TASK OBJECTIVE: Copy nothing from the entries below except the lines from the one containing "1916 Antique Toycrete" through the one containing "A small drawing", and copy those exactly.

[Stored dataset items]
-=-=-
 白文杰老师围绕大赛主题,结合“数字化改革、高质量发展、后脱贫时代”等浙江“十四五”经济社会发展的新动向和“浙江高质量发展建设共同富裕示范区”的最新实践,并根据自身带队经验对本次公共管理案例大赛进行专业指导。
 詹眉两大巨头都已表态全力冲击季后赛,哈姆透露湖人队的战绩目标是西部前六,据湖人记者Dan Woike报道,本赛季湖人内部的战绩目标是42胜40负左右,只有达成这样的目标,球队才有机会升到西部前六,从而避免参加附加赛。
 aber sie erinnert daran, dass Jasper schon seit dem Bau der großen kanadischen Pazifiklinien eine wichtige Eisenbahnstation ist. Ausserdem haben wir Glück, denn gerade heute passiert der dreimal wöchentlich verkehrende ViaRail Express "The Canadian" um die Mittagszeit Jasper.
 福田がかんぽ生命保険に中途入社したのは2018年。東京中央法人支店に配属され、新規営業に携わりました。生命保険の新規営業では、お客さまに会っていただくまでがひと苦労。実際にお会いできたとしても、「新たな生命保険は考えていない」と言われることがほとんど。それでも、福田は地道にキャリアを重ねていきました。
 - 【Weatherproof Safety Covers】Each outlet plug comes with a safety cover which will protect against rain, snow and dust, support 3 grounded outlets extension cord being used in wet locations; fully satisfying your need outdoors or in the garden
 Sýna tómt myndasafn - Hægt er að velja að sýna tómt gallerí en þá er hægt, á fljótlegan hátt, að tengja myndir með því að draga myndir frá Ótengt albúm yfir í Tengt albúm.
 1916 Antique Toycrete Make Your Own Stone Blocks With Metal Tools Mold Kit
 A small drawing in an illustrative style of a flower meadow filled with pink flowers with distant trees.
-=-=-
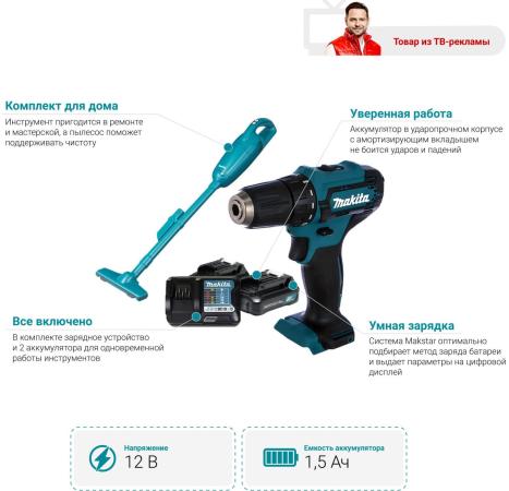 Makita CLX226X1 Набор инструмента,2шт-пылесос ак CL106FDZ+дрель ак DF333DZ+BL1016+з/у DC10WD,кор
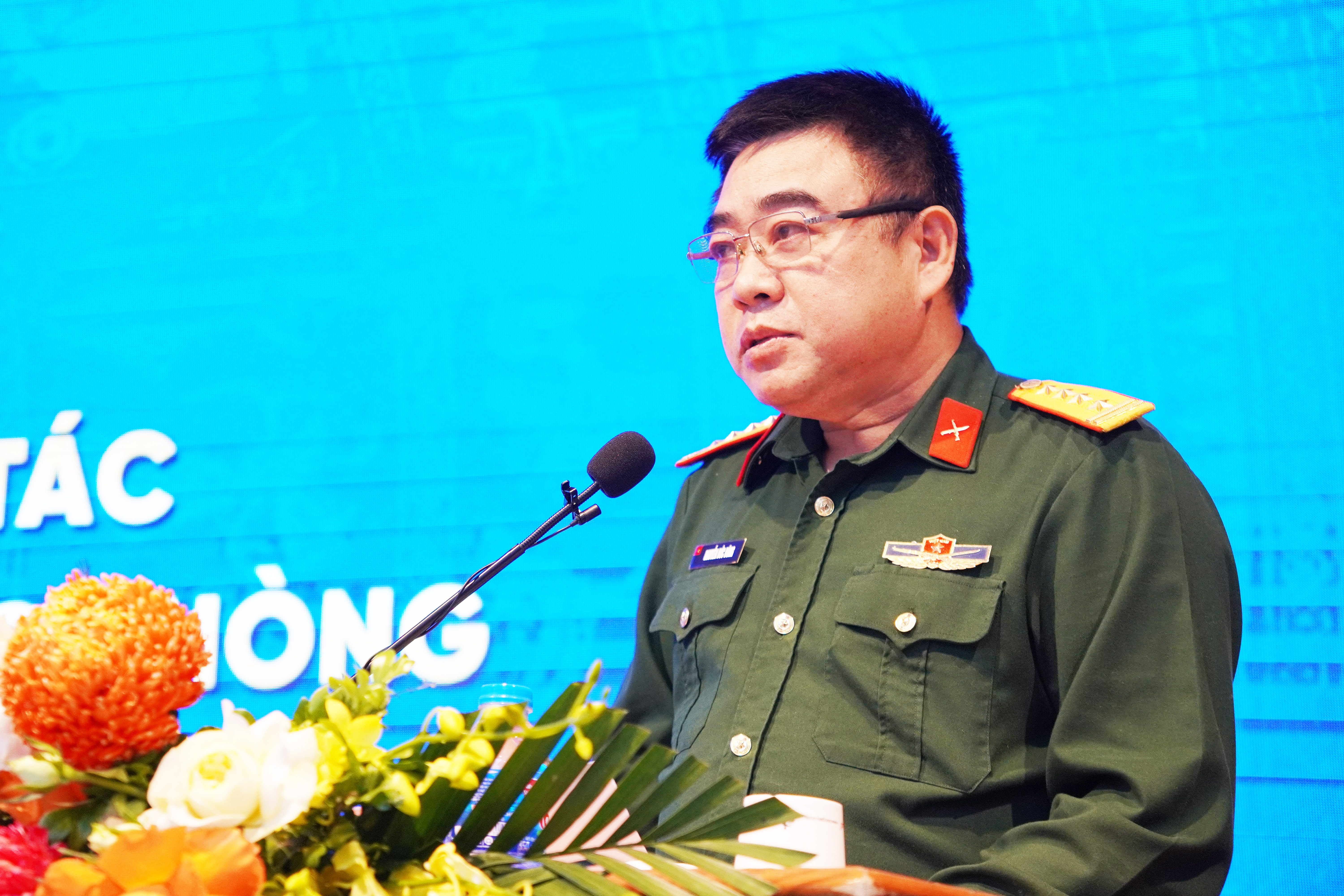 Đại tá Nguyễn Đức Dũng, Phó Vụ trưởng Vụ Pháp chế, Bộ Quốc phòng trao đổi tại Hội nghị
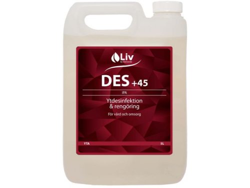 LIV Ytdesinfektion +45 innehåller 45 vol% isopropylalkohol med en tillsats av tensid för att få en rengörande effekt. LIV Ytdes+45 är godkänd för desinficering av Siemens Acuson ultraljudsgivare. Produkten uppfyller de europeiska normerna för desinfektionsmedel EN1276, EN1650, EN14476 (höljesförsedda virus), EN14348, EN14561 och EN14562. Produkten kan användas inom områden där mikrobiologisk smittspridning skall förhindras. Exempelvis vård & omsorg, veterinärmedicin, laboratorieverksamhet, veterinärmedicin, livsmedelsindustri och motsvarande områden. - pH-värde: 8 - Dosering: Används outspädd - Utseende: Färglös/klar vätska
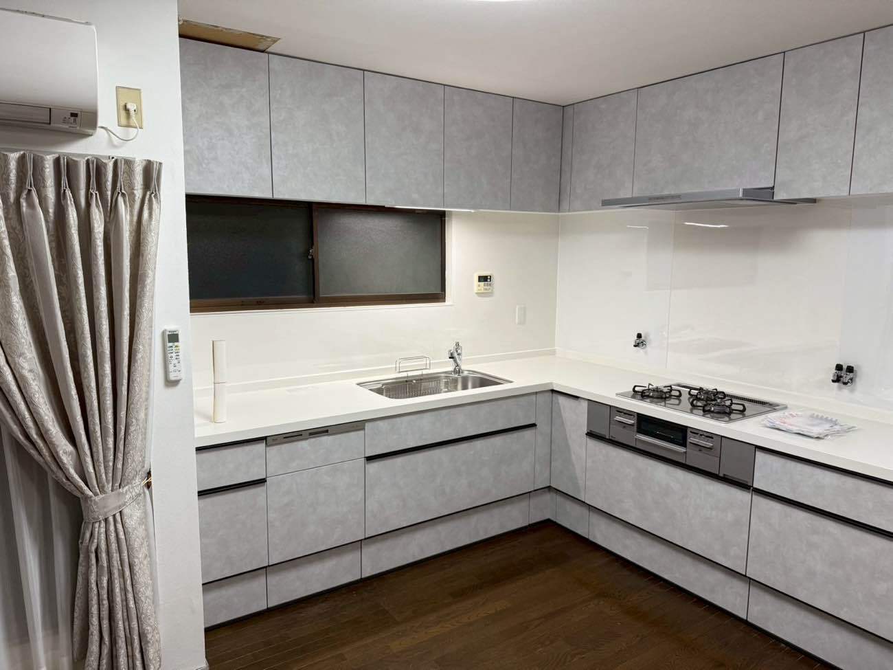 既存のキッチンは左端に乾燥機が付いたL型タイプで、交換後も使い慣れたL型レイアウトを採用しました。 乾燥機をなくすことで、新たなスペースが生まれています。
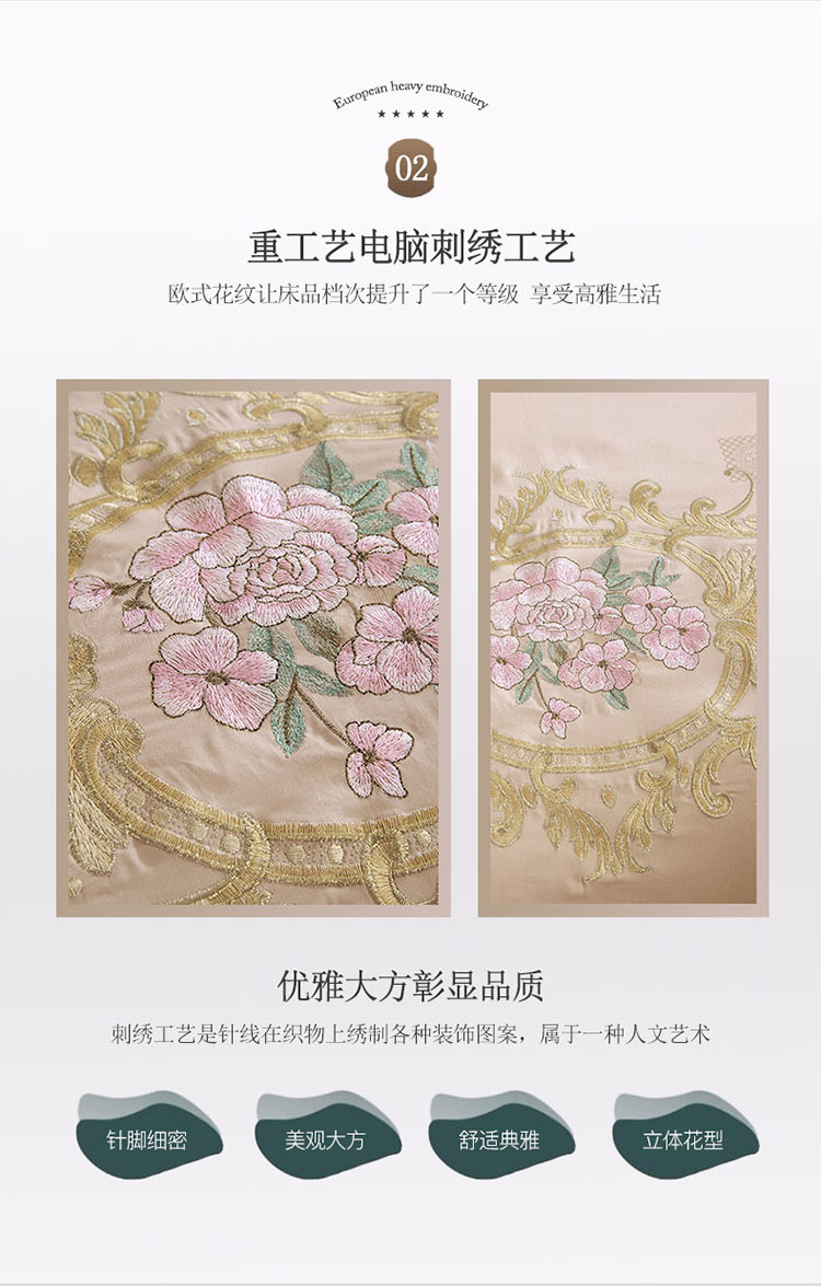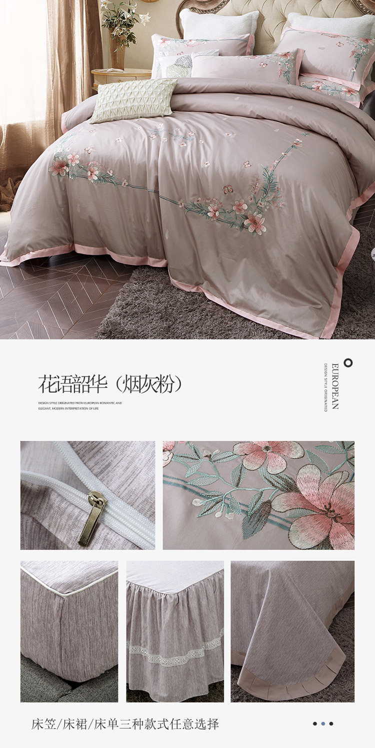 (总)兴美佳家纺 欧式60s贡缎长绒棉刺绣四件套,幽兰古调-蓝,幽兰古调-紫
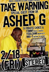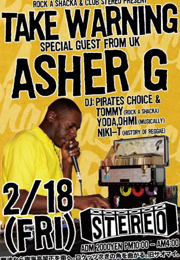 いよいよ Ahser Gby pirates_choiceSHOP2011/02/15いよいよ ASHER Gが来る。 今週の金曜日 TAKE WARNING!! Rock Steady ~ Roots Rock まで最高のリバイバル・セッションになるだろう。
-=-=-
EXERCISE RESPONSE:
 1916 Antique Toycrete Make Your Own Stone Blocks With Metal Tools Mold Kit
 A small drawing in an illustrative style of a flower meadow filled with pink flowers with distant trees.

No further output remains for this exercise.